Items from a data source
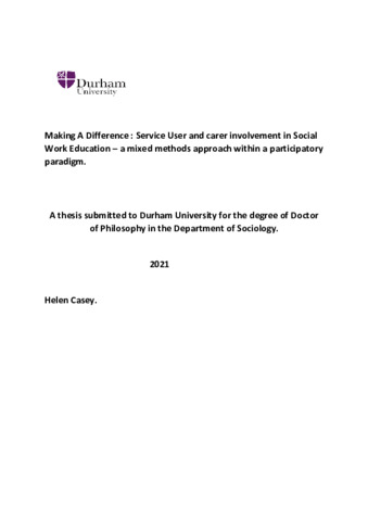 Making A Difference : Service User and carer involvement in Social Work Education – a mixed methods approach within a participatory paradigm.
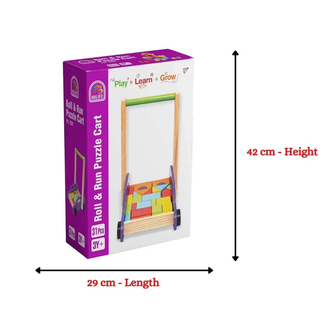HILIFE Roll & Run Puzzle Cart Wooden Walker with Puzzle Blocks | Push & Pull Toy for Toddlers Age 3+ | Montessori-Inspired Activity Cart for Balance, Coordination & Motor Skills
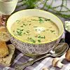 Ostkräm: Rör samman färskost, riven ost och persilja i en skål. Smaka av med salt och peppar. Garnera soppan med hackad persilja. Servera ostkräm och bröd till soppan.
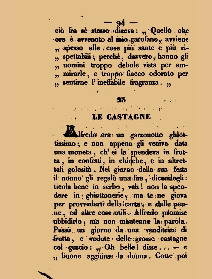 Ifredo erai un garzonetto ghióttissimo ; e non appena gli veniva data una moneta, eh7 ei la spendeva in frutta, in confetti, in chicjehe, e in altrettali golosità» Nel giorno della* sua festa il nonno' gli regalò unas.lira,'dicendogli: tienla behe in serbo, veh ! non là spendere in ; ghiottonerie y ma ,. te ; ne giova per provvederti della.'cartay e delle pen-.nei, .ed atbre co&e utiU . Alfredo promise •ubbidirlo^ ma non «mantenne lai paròla. Passò un giorno da t una venditrice di Trutta, e vedute « delle .grosse castagne col guscio: Oh bette 1 disse... — e ,, Buone aggiùnse la dolina. Cotte poi
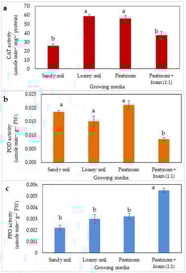 The type of growing media significantly influenced the antioxidant enzyme activity of saffron plants (Figure 6). The highest CAT activity was detected in plants grown in loamy soil, whereas the lowest CAT activity was detected in plants grown in sandy soil (Figure 6a). Saffron plants grown in peatmoss + foam exhibited lower POD activity but higher PPO activity than saffron grown in any other growing media (Figure 6b,c).
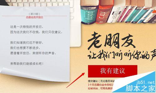 5、点击我有建议,随便写点什么,就可以免费得一个月的迅雷白金会员。
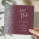 A borda esquerda deste elegante casamento moderno salve o cartão de data apresenta uma borda cintilante. O texto personalizável combina a escrita manual de cinzas prateadas, fontes em copperplate e itálico em um fundo burgundy. O lado inverso apresenta uma burgundy e uma design prateada correspondentes.
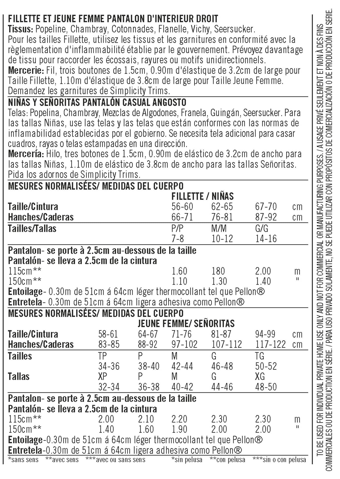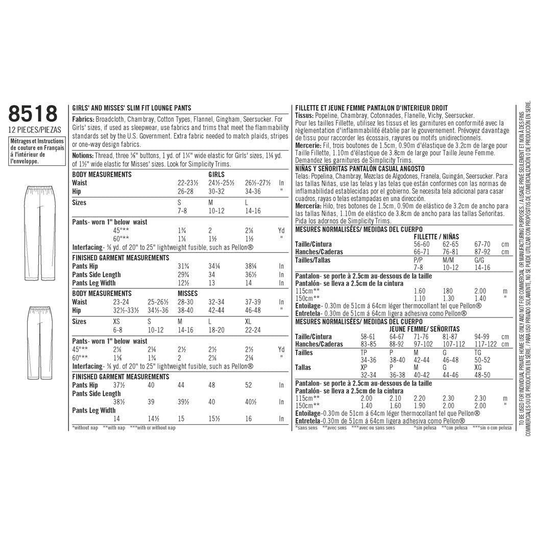 Simplicity Sewing Pattern S8518 - Girls' and Misses' Slim Fit Lounge Trousers
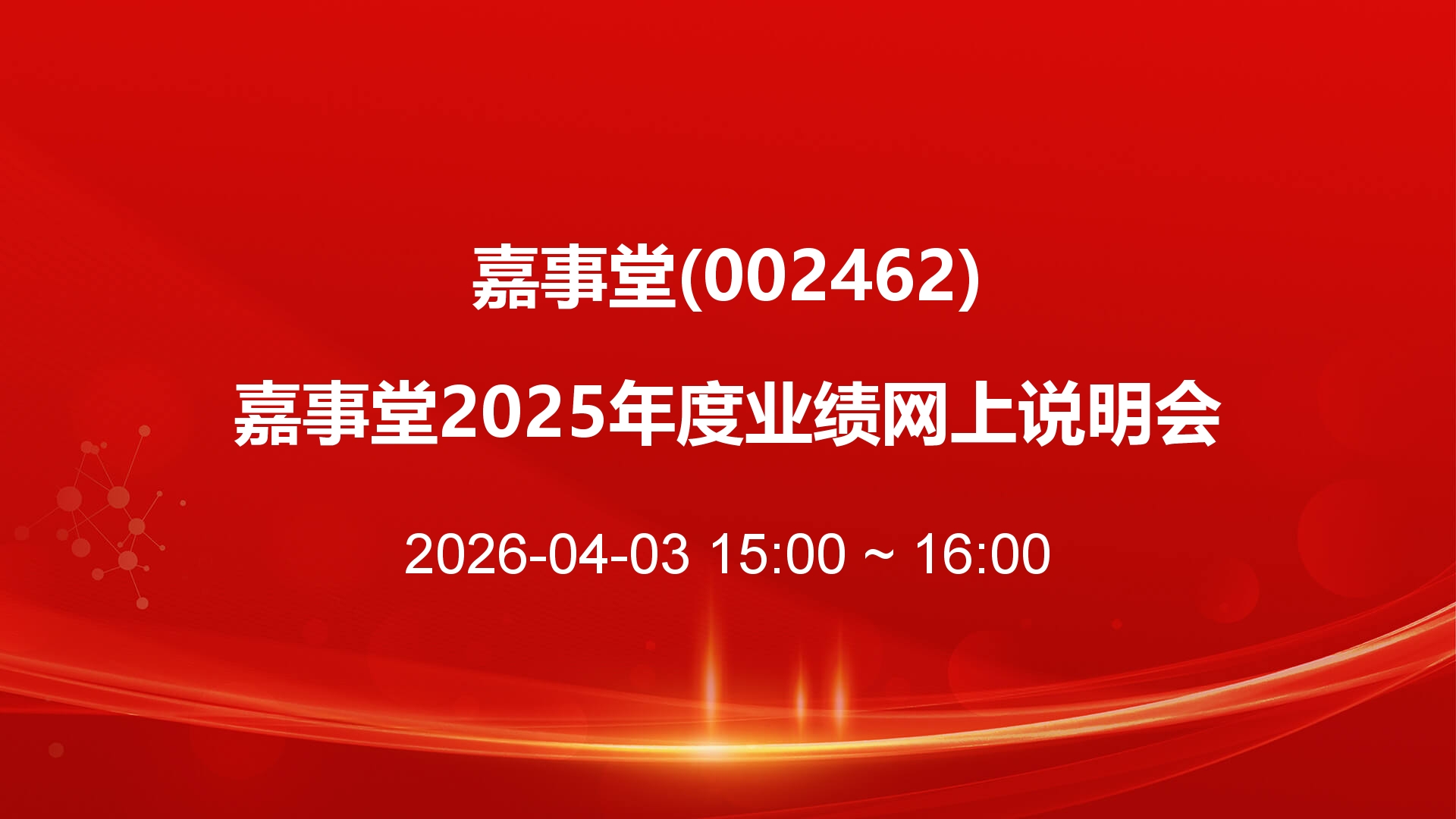 嘉事堂2025年度业绩网上说明会
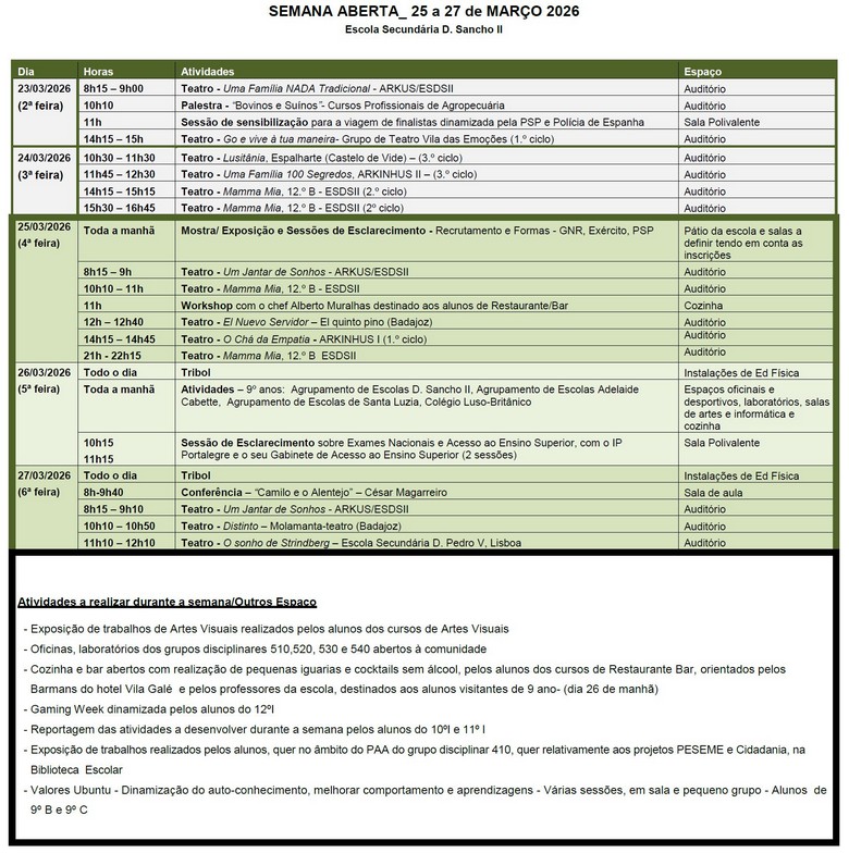 A Escola Secundária D. Sancho II deu início, esta segunda-feira, 23 de Março, à sua Semana Aberta, uma iniciativa que pretende aproximar a comunidade educativa da escola, dando a conhecer projectos, cursos e actividades desenvolvidas pelos alunos e professores ao longo do ano lectivo.
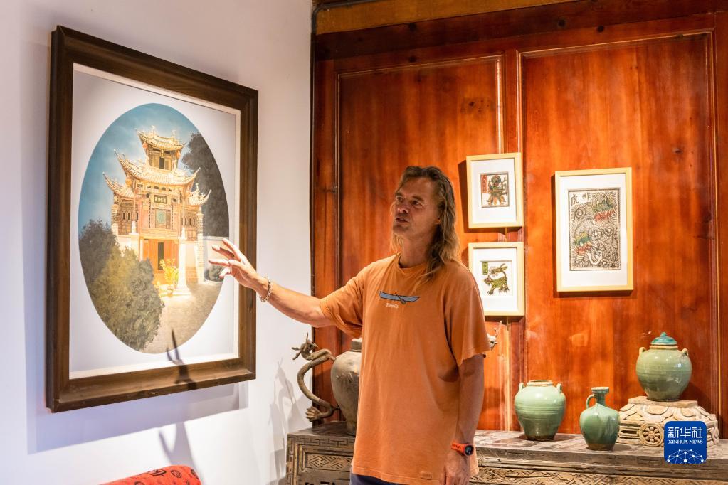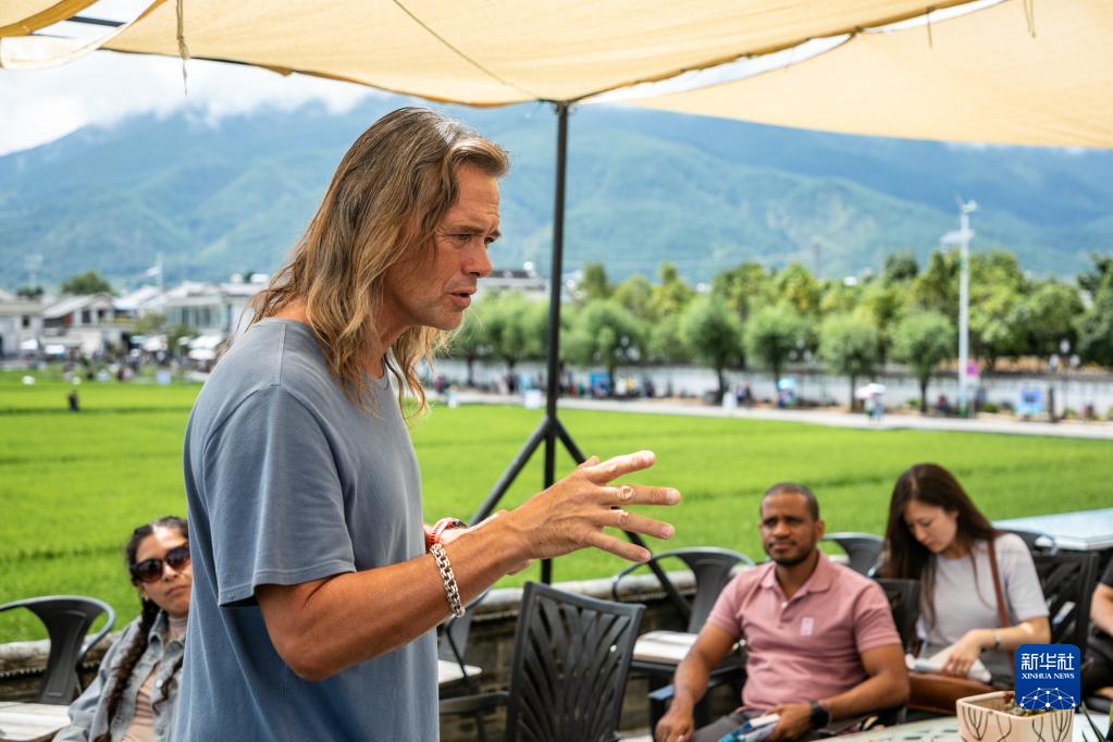 8月27日,林登在喜洲古鎮(zhèn)喜林苑向外國(guó)訪客介紹當(dāng)?shù)匚幕P氯A社記者 曹夢(mèng)瑤 攝

TASK DIRECTIONS:
Copy out the records exactly. Do not include the pictures.

PROBLEM SOLUTION:
 Making A Difference : Service User and carer involvement in Social Work Education – a mixed methods approach within a participatory paradigm.
HILIFE Roll & Run Puzzle Cart Wooden Walker with Puzzle Blocks | Push & Pull Toy for Toddlers Age 3+ | Montessori-Inspired Activity Cart for Balance, Coordination & Motor Skills
 Ostkräm: Rör samman färskost, riven ost och persilja i en skål. Smaka av med salt och peppar. Garnera soppan med hackad persilja. Servera ostkräm och bröd till soppan.
 Ifredo erai un garzonetto ghióttissimo ; e non appena gli veniva data una moneta, eh7 ei la spendeva in frutta, in confetti, in chicjehe, e in altrettali golosità» Nel giorno della* sua festa il nonno' gli regalò unas.lira,'dicendogli: tienla behe in serbo, veh ! non là spendere in ; ghiottonerie y ma ,. te ; ne giova per provvederti della.'cartay e delle pen-.nei, .ed atbre co&e utiU . Alfredo promise •ubbidirlo^ ma non «mantenne lai paròla. Passò un giorno da t una venditrice di Trutta, e vedute « delle .grosse castagne col guscio: Oh bette 1 disse... — e ,, Buone aggiùnse la dolina. Cotte poi
 The type of growing media significantly influenced the antioxidant enzyme activity of saffron plants (Figure 6). The highest CAT activity was detected in plants grown in loamy soil, whereas the lowest CAT activity was detected in plants grown in sandy soil (Figure 6a). Saffron plants grown in peatmoss + foam exhibited lower POD activity but higher PPO activity than saffron grown in any other growing media (Figure 6b,c).
 5、点击我有建议,随便写点什么,就可以免费得一个月的迅雷白金会员。
 A borda esquerda deste elegante casamento moderno salve o cartão de data apresenta uma borda cintilante. O texto personalizável combina a escrita manual de cinzas prateadas, fontes em copperplate e itálico em um fundo burgundy. O lado inverso apresenta uma burgundy e uma design prateada correspondentes.
 Simplicity Sewing Pattern S8518 - Girls' and Misses' Slim Fit Lounge Trousers
 嘉事堂2025年度业绩网上说明会
 A Escola Secundária D. Sancho II deu início, esta segunda-feira, 23 de Março, à sua Semana Aberta, uma iniciativa que pretende aproximar a comunidade educativa da escola, dando a conhecer projectos, cursos e actividades desenvolvidas pelos alunos e professores ao longo do ano lectivo.
 8月27日,林登在喜洲古鎮(zhèn)喜林苑向外國(guó)訪客介紹當(dāng)?shù)匚幕P氯A社記者 曹夢(mèng)瑤 攝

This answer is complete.